Der Direktor für Handelsschutz der EU ist für die Bewertung der Anwendung der Schutzklauseln sowie anderer Verteidigungsinstrumente gegen Vereinbarungen zuständig, die den Interessen der EU schaden können. Er ist sich „völlig bewusst, dass es ein Problem gib“, sagt Rodríguez-Piñero.

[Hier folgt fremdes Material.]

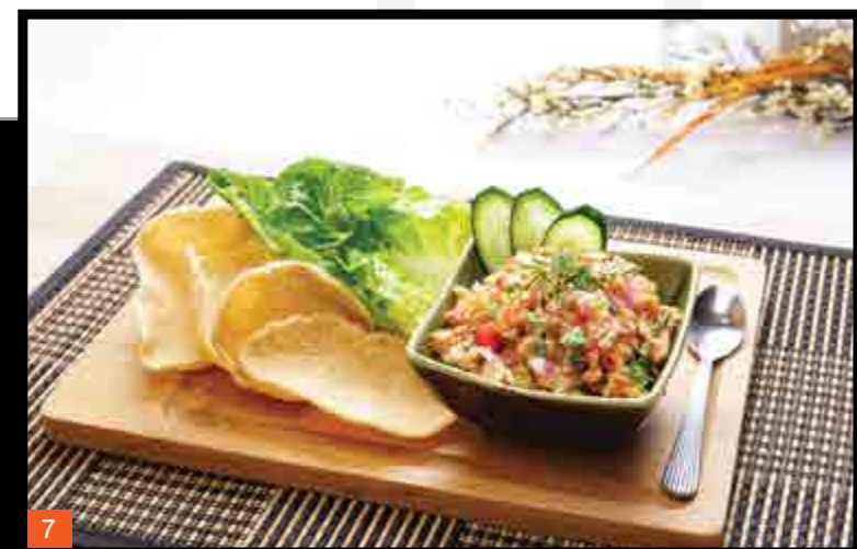
7 GÀ BĂM XÚC BÁNH ĐA TÔM ★ 10.8 Spicy & Sour Chicken Salad w Lettuce Cups & Crackers

Continue to be delighted w Vietnamese specialties, a taste of Vietnam.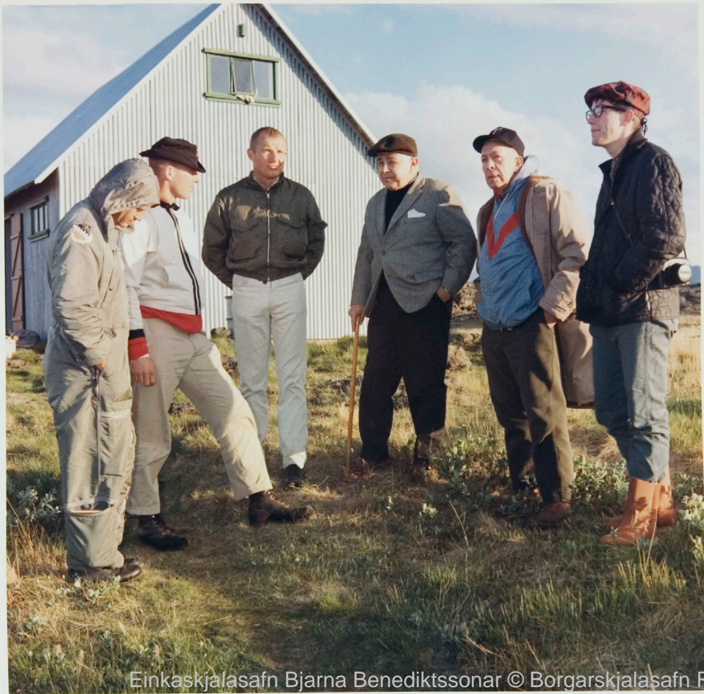
Einkaskjalasafn Bjarna Benediktssonar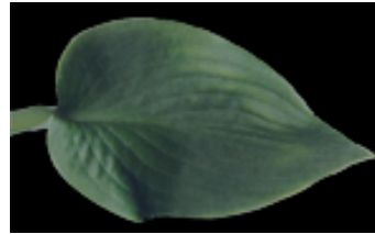
H. 'Sea Lotus Leaf' H. 'Sea Mist' H. 'Sea Monster' H. 'Sea Nymph' H. 'Sea Slate II'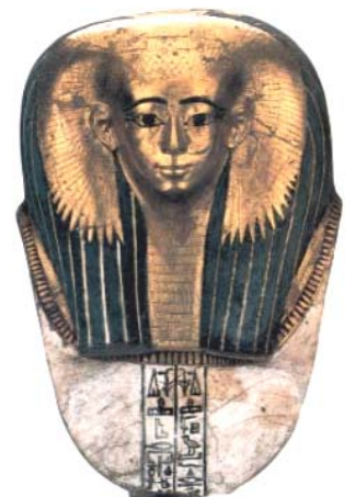
Made of cartonnage—linen cloth stiffened with plaster—the richly gilded mask (c. 1500 B.C.) boasts attributes of the gods—gold skin, and dark blue hair the color of lapis lazuli.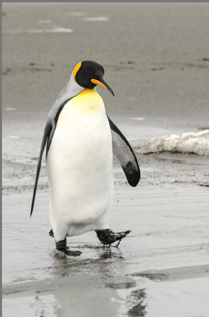
“King Penguin Emerging From The Sea” by Christine Wilkins

Southern California Council of Camera Clubs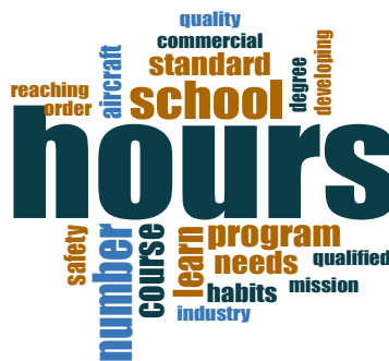
Figure 5. Desired industry changes to attract more pilots.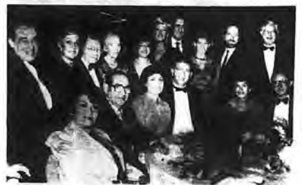
Members of the Zionist Organization of America's Long Island Region attended the group's 85th annual convention held in Baltimore, Maryland, in the early Fall.

$100., share of profits/losses 1%. LP not obligated to make additional contribution. LP's contribution returned upon dissolution of partnership. LP may not assign etc. interest except per certificate. GP may admit additional LPs. No priority among LPs for repayment of capital contribution. Any remaining GP may continue partnership business per certificate. LP has no right to demand and receive property other than cash in return for contribution. (P-10-1-2-87)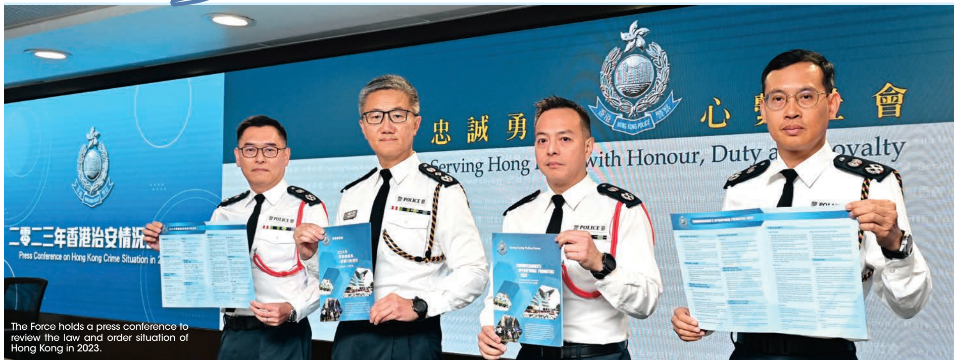
The Force holds a press conference to review the law and order situation of Hong Kong in 2023.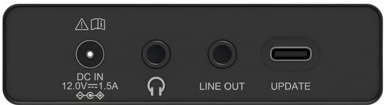
Image: Close-up of the rear panel showing the DC IN, Headphone, Line Out, and UPDATE (USB-C) ports.

The rear panel provides essential connectivity options: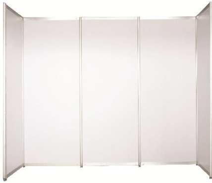
PANEL 100x250 CM (SYSTEM BUILT)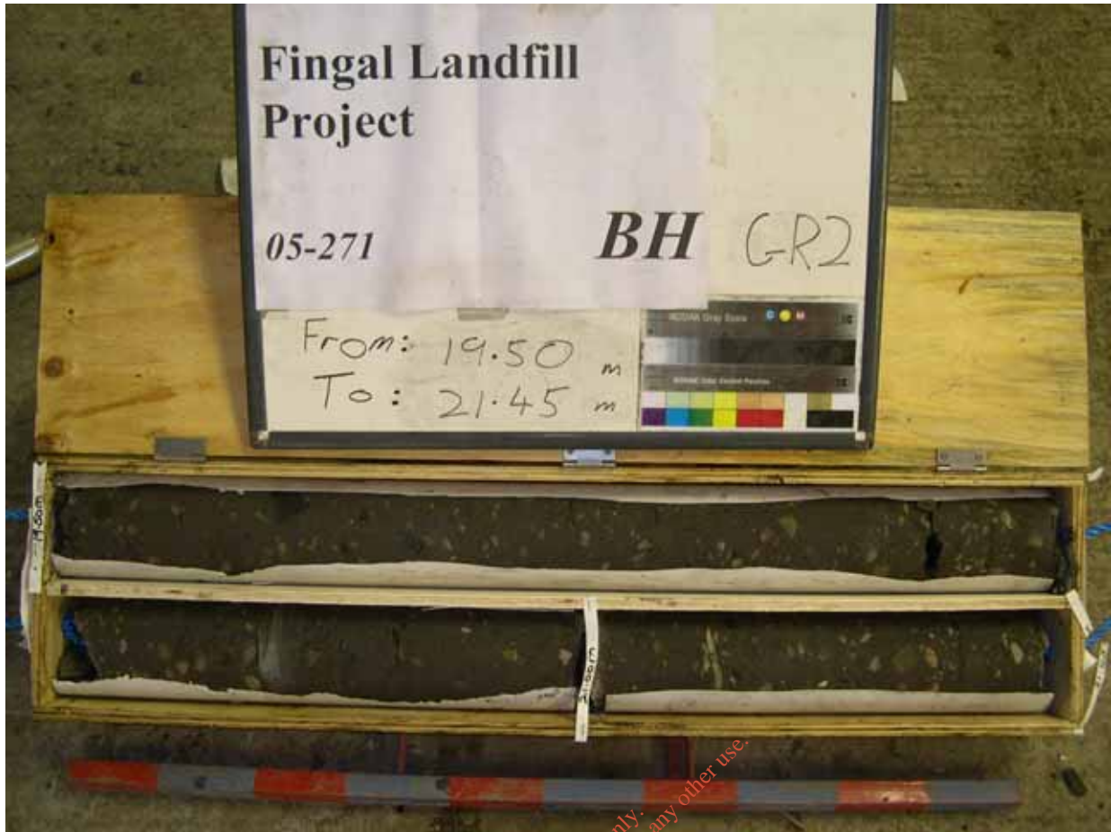
BH GR02: 19.50-21.45m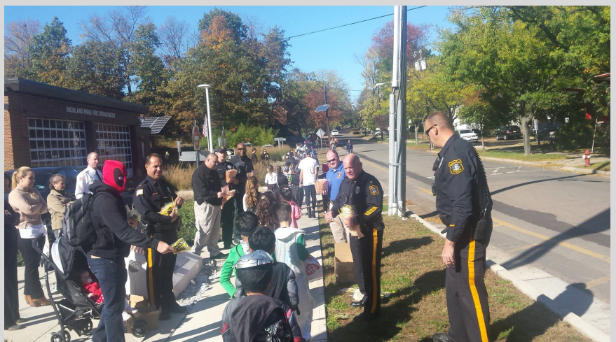
The Highland Park Police PBA #64 handed out over 500 glow sticks and glow bracelets to Bartle School Children to be worn while trick or treating

I want to wish everyone a happy, safe, and healthy Thanksgiving filled with the warmth of family and friends. I am thankful for the opportunity to serve you as Mayor, and look forward to working with you in helping our community continue to grow and develop in the coming year.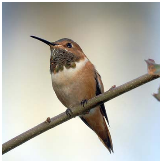
Resting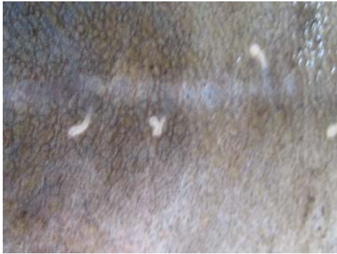
Figure 3. Irregular arrangement of tubercles along the lateral line in abnormal fish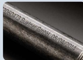
Laser and ink jet printing on metal, rubber, PVC and other plastics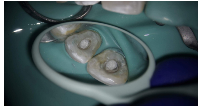
Fig. 4: Placement of Glass Ionomer Cement as barrier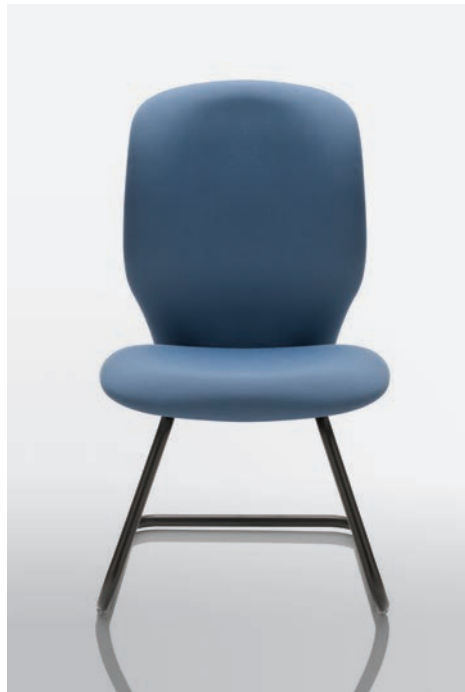
SV31 - Aella AE16 Cadet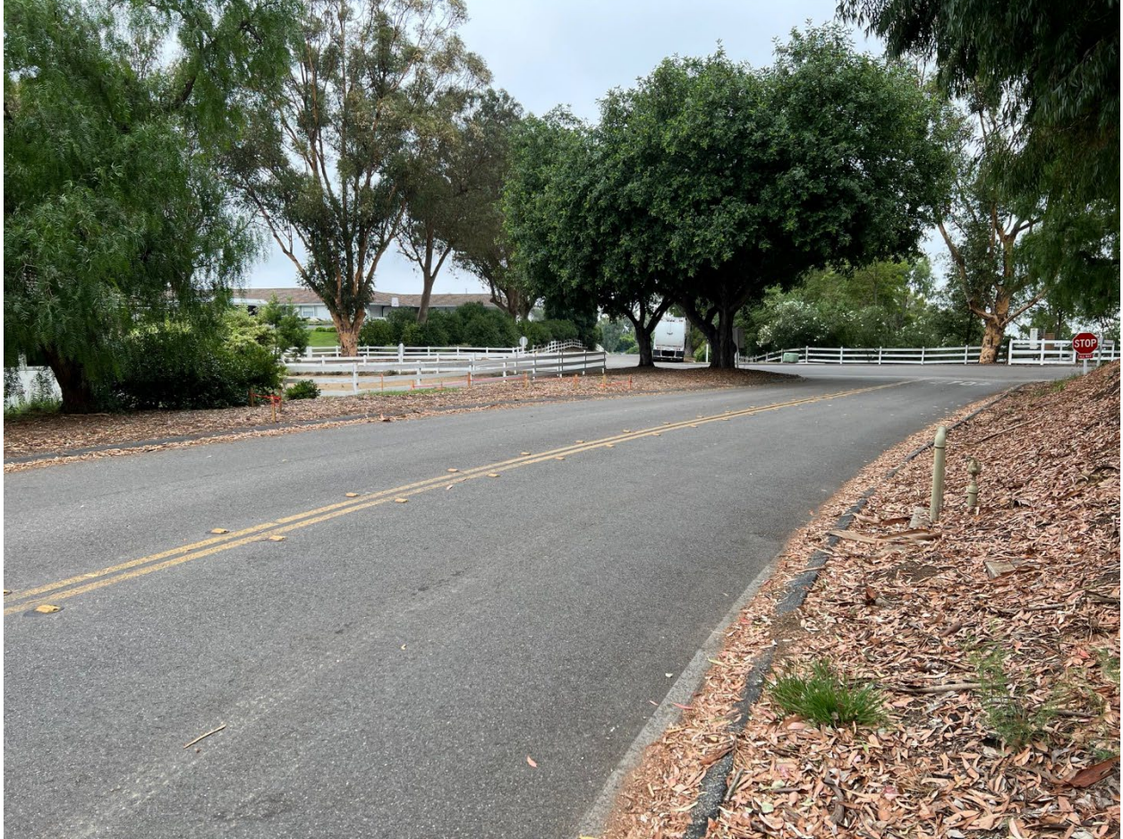
TOP: View from Southfield looking toward intersection. BOTTOM: Same view but from centerline.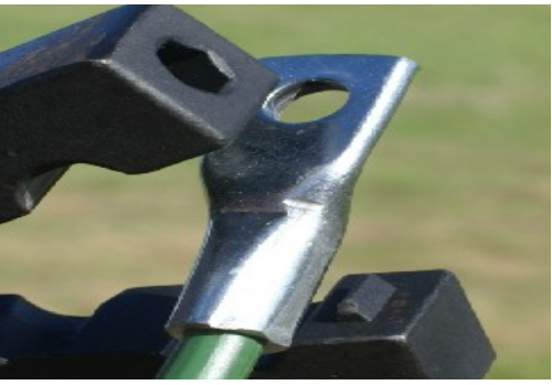
You now have done a professional crimping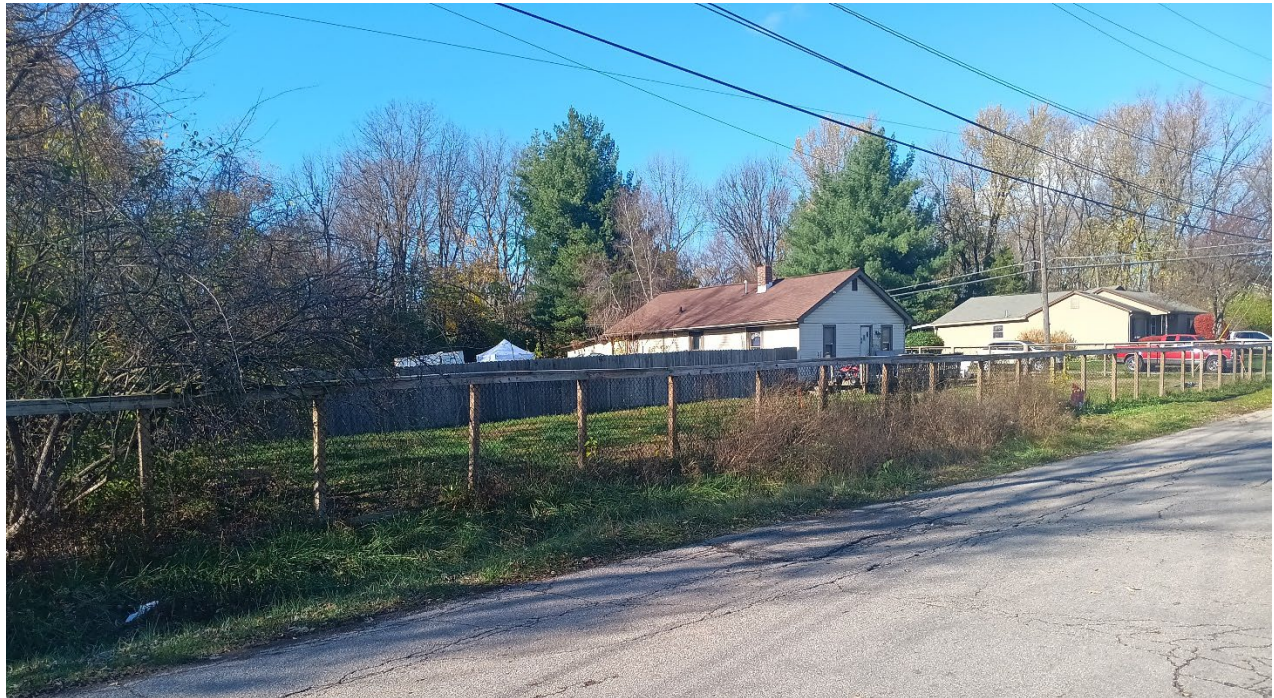
Exhibit 5: Looking North 1502 Dunlap Avenue.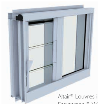
Altair® Louvres in an Easyscreen™ Window System.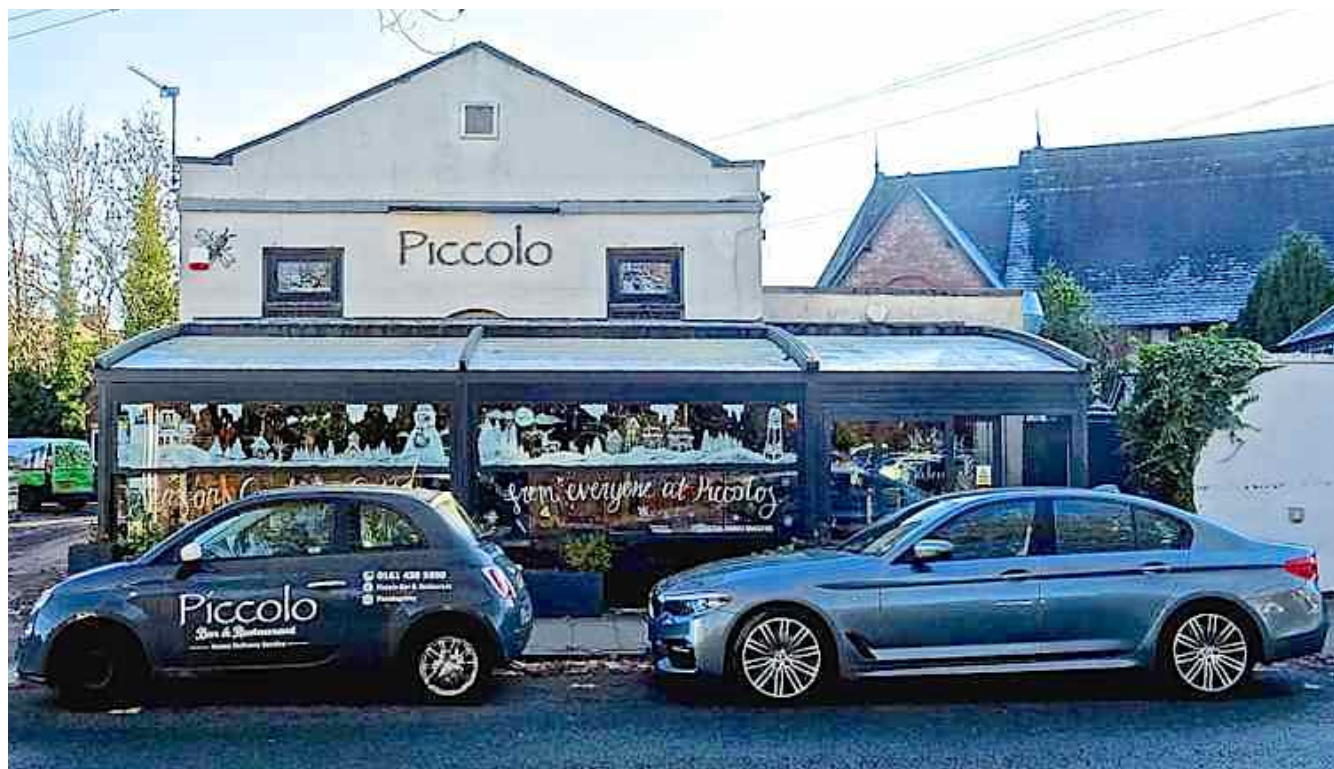
The Chapel in December 2023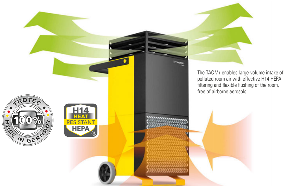
The TAC V+ enables large-volume intake of polluted room air with effective H14 HEPA filtering and flexible flushing of the room, free of airborne aerosols.

By installing several TAC V+, clean air lock areas can be set up as low-aerosol transfer, stay or waiting zones for your customers and employees!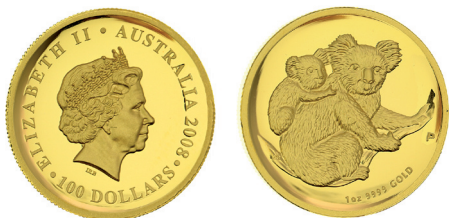
1549* Elizabeth II , Perth Mint, proof one ounce fine gold, high relief koala, 2008. In case, no 0488 of 2000 issued, FDC. $2,400

Dies wurde von der sozialdemokratischen Europaabgeordneten bei dem Treffen mit Rubinacci in dieser Woche bestätigt.

Rubinacci sagte auch, dass der Zitrussektor in Brüssel einen Sprecher haben sollte, der die Beobachtungen sowohl der Erzeuger als auch der Unternehmen vermitteln kann. Die Entscheidung wird letztendlich von den 28 Mitgliedstaaten anhand von Zahlen getroffen. Der EU-Handelsschutzdirektor hat während des Treffens mehrmals beide Punkte betont, da es vorrangig darum geht, „das genaue Problem“ herauszufinden.

Rodríguez-Piñero wies Rubinacci darauf hin, dass diese Schutzklausel bereits bei anderen Produkten wie Bananen oder Reis durchgesetzt wurde. Im zweiten Fall wies der europäische Beamte darauf hin, dass dies auf eine sehr klare Verletzung der Menschenrechte in Myanmar zurückzuführen sei, während der erste vom gesamten europäischen Sektor verteidigt wurde.
Dies ist in der Tat ein weiterer Aspekt, den der Direktor für Handelsschutz hervorgehoben hat: Das Problem muss über die Grenzen der Region und sogar über die des Staates hinausgehen, da die Europäische Union europäische und nicht nationale Probleme lösen will. Er wies darauf hin, dass die Erzeuger aus Castellón, Valencia, Andalusien, Murcia und Tarragona (den Hauptanbaugebieten Spaniens) sich mit italienischen und griechischen Zitrusproduzenten zusammenschließen müssen. Die Verwirklichung der Einheit in diesem Sektor auf höchstem Niveau und die Vorlage nachweisbarer Zahlen sind für das Handeln der EU unabdingbar.